Banks and lenders need to see evidence that you can manage your money in a wise manner. I am not a fan that one must go into debt in order to prove your acumen in finances. You would think that by prudently managing your money and paying cash for everything would be proof enough. But, I digress.

From my research and conversations with several lenders, a utilization rate of less than 30% is the industry standard that places you in the “good” category. A utilization of 1-10% is even better.

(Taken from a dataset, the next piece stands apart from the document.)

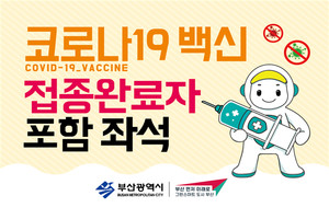 부산시, 음식점에 백신접종 완료자 동반 좌석 안내 스티커 배부

I have received conflicting information on 0% credit card balances. One lender says that in order to increase your credit score you should charge a manageable amount and pay it off each month in order to avoid interest. Another lender informs you that you should carry a small balance from month to month. What to do, what to do? (If any of you have any insight, I’d love to hear it!)

If this graph is any indication, carrying a 1-10% utilization rate on your credit cards results in the highest average credit score.

Credit Score Chart

Source: Credit Karma

Calculating your credit card utilization

I created this extremely simple Excel spreadsheet in order to get a snapshot of our family’s credit card utilization and I wanted to share it with you all.

Here’s a snapshot:

These are not our numbers. How I wish they were. 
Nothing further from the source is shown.